┌──

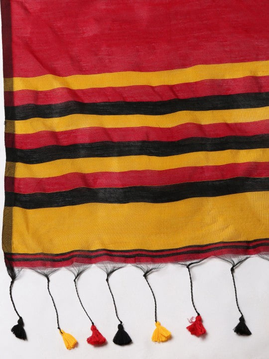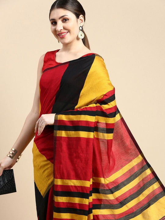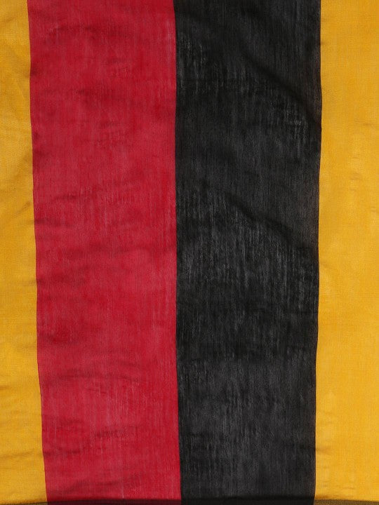 Bengal Ghicha Handloom Cotton Silk Saree With Blouse Piece (Black Yellow Red)
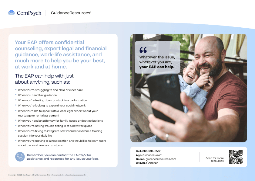 As an employee of Genesco, you have access to the valuable Employee Assistance Program (EAP) at no cost to you and your household members. EAP is confidential and available anytime.
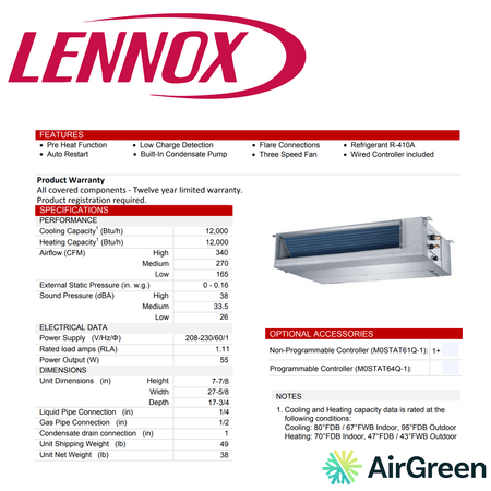 Chez AirGreen, nous comprenons l'importance d'un espace de vie confortable, quelle que soit la saison. C'est pourquoi nous sommes fiers de vous présenter notre système gainable Lennox de 12 000 BTU, une solution de climatisation et de chauffage discrète et efficace pour votre domicile ou votre bureau. Ce système, conçu pour Montréal, Laval, Longueuil, ainsi que les régions de la Rive Sud et de la Rive Nord, allie performance, efficacité énergétique et faible impact sonore pour un confort inégalé.

└──

_Problem requirements_
Leave out the pictures and give the listing above again exactly.

_Answer space_
 Bengal Ghicha Handloom Cotton Silk Saree With Blouse Piece (Black Yellow Red)
 As an employee of Genesco, you have access to the valuable Employee Assistance Program (EAP) at no cost to you and your household members. EAP is confidential and available anytime.
 Chez AirGreen, nous comprenons l'importance d'un espace de vie confortable, quelle que soit la saison. C'est pourquoi nous sommes fiers de vous présenter notre système gainable Lennox de 12 000 BTU, une solution de climatisation et de chauffage discrète et efficace pour votre domicile ou votre bureau. Ce système, conçu pour Montréal, Laval, Longueuil, ainsi que les régions de la Rive Sud et de la Rive Nord, allie performance, efficacité énergétique et faible impact sonore pour un confort inégalé.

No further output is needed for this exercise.